[DATASET EXCERPT]:
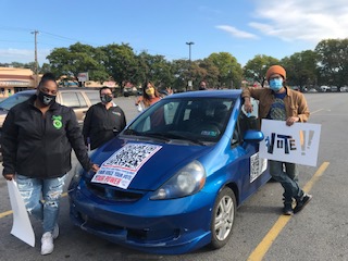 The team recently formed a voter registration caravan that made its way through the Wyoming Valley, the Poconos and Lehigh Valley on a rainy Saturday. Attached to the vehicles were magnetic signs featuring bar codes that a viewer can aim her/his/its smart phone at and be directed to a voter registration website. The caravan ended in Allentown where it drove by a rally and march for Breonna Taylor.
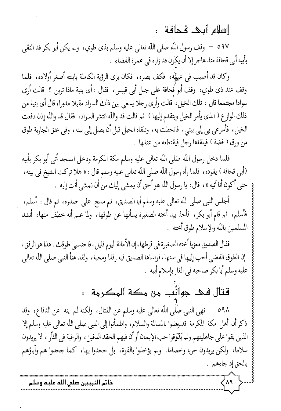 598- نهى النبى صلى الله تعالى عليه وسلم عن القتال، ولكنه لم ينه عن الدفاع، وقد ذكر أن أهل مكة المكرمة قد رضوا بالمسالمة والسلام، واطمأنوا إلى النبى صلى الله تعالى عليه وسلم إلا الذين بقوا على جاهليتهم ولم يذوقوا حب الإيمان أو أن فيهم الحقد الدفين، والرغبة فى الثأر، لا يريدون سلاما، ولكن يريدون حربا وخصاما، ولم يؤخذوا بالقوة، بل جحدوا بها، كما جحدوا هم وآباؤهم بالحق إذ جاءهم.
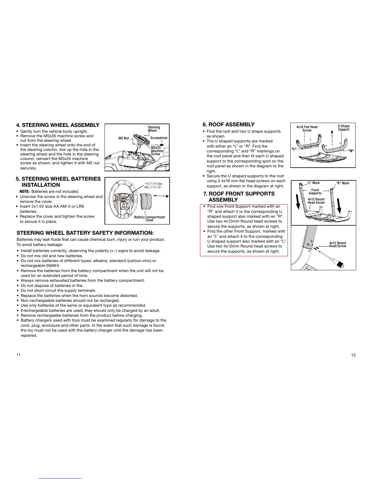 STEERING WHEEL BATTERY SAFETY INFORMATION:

[HOW TO COMPLETE THIS TASK]:
Any picture in the material is to be left out, and everything else is to be retyped as is.

[RESULT OF THE TASK]:
 The team recently formed a voter registration caravan that made its way through the Wyoming Valley, the Poconos and Lehigh Valley on a rainy Saturday. Attached to the vehicles were magnetic signs featuring bar codes that a viewer can aim her/his/its smart phone at and be directed to a voter registration website. The caravan ended in Allentown where it drove by a rally and march for Breonna Taylor.
 598- نهى النبى صلى الله تعالى عليه وسلم عن القتال، ولكنه لم ينه عن الدفاع، وقد ذكر أن أهل مكة المكرمة قد رضوا بالمسالمة والسلام، واطمأنوا إلى النبى صلى الله تعالى عليه وسلم إلا الذين بقوا على جاهليتهم ولم يذوقوا حب الإيمان أو أن فيهم الحقد الدفين، والرغبة فى الثأر، لا يريدون سلاما، ولكن يريدون حربا وخصاما، ولم يؤخذوا بالقوة، بل جحدوا بها، كما جحدوا هم وآباؤهم بالحق إذ جاءهم.
 STEERING WHEEL BATTERY SAFETY INFORMATION:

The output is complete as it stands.